2013 yılında Muğla’nın il oluşunun 100. yılını kutlamaya hazırlanıyoruz.
Muğla’nın il oluşunun 100. yılında Merpez ailesi gibi 100 aileye sahip olsaydık, 100 markanın da sahibi olabilirdik. Bu açıdan bu topraktan kazandıklarını yine bu toprağa yatıran; yat, kat, uçak almak yerine yaşadıkları toprağa yatırım yaparak, yöre insanının istihdamını sağlamayı ilke edinen Orhan Merpez ve ailesi ile tanışmış olmanın bahtiyarlığını yaşıyorum.Narenciye de yakaladıkları uluslararası başarıya şimdi bir yenisini, belki de yenilerini eklemeye hazırlanıyorlar.Mavidağ Su, bir Muğla Markası olarak tükeci ile buluştu.

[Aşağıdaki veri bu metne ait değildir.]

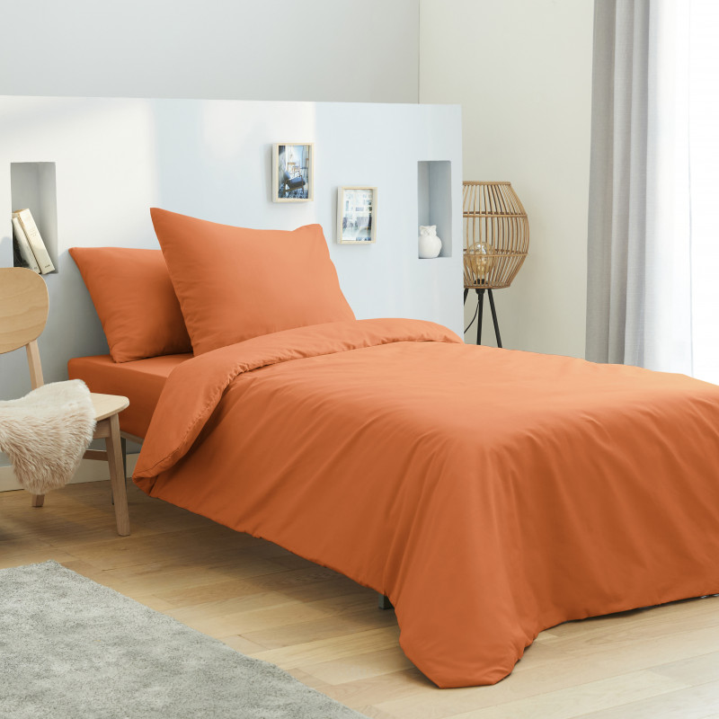 Housse de couette 140 x 200 unie orange 100% Coton / 57 Fils/cm²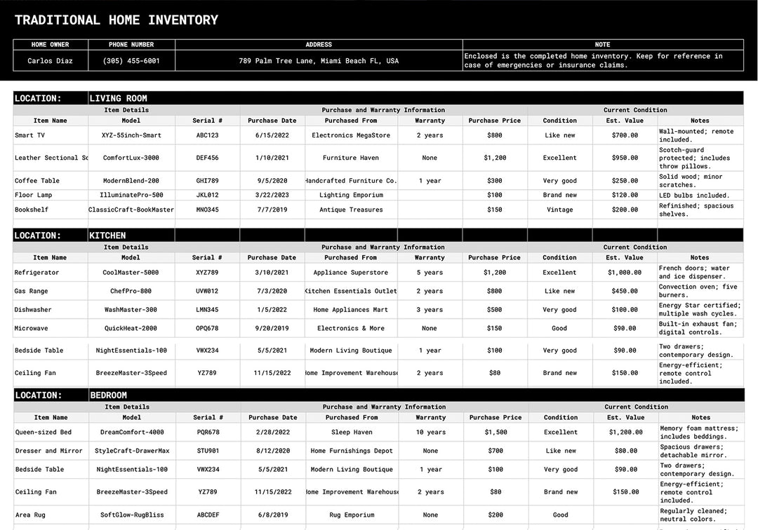 Las compañías de seguros exigen un inventario detallado de la vivienda para garantizar un procesamiento preciso y eficiente de las reclamaciones en caso de pérdida o daño. Esta documentación detallada ayuda a verificar la propiedad, lo que reduce las disputas y acelera el reembolso.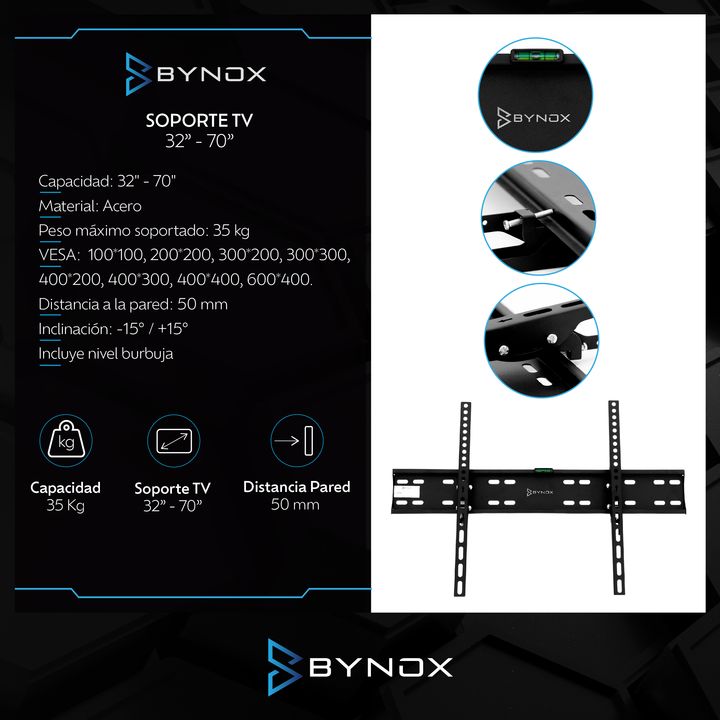 Soporte TV Bynox Basculante 32 a 70 AI-SOPTVB-70 Material: Acero Peso máximo soportado: 35 kg VESA: 100*100, 200*200, 300*200, 300*300, 400*200, 400*300, 400*400, 600*400 Distancia a la pared: 50 mm Inclinación: -15° / +15° Incluye nivel burbuja Garantía 6 meses
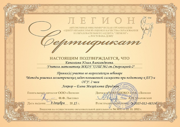 Организатор: АНО «Центр независимой оценки качества образования и образовательного аудита «Легион»», г.Ростов-на-Дону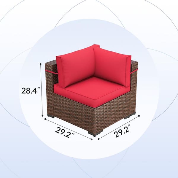 9-Piece Wicker Patio Sectional Conversation Sets With Coffee Table and Bright Red Cushions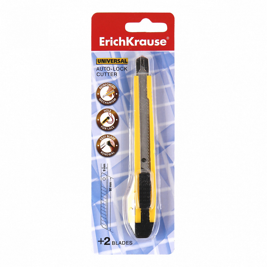Нож канцелярский, 9 мм, автофиксатор, пластик, усиленный, 2 лезвия, европодвес, Erich Krause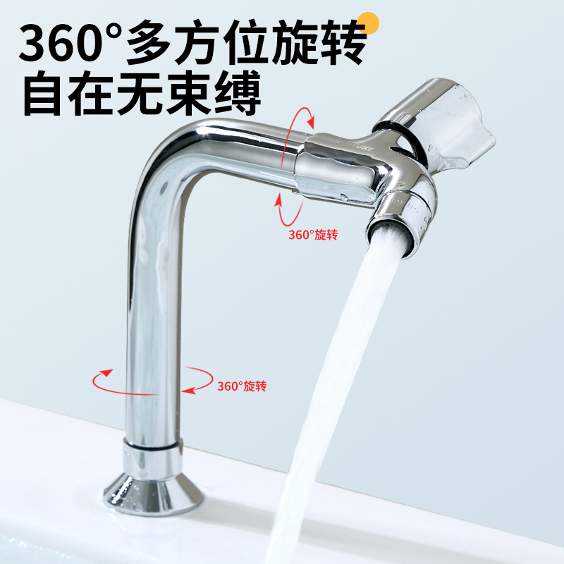 All-copper decent basin single cold water faucet universal rotating washbasin powder room washbasin table upper and lower basin washbasin

Özellikle il genelinde gittiğimiz her yerde kendi kentimin markası olan Mavidağ suyu gururlanarak istiyorum.Daha öncede Gökova Süt Ürünleri’nin peynirlerini ve ayranı, Çalçalar’ın Öğün Balı konusundaki ısrarımı şimdi de Mavidağ Su için sürdürüyorum.Kentin marka değeri konusunda suni söylemler ile gün geçiren, attı mı mangalda kül bırakmayan yöneticilerin aksine kentin geleceğini iş yapan, toprağına, ürününe ve insanına güvenen, istihdam yaratanların gayretleri ile oluşacağına inanıyorum. Ülkenin en önemli ekonomi gazetesi olan Dünya Gazetesi’nin, Ankara Temsilcisi gazeteci yazar Taylan Erten ağabeyimin gazetecilik misyonu konusunda bizlere aktardığı önemli bilgiler arasında “Gazetecinin temel görevleri arasında yaşadığı bölgenin ve kentin özgün değerlerini ulusal ve uluslararası boyuta taşımak bulunmaktadır, gazeteci olarak buna özen gösterin” sözleri bizim kulağımıza küpedir. Sevgili Orhan Merpez ve yumruğu bir yere vuran ailesinin kentin marka değerini oluşturacak çalışmalar içinde olduğunu biliyorum. Belki de çok yakın bir süreçte Mavidağ Su’yun ardından kendimizi Köyceğiz Markalı Meyve Sularını yudumlarken bulabiliriz.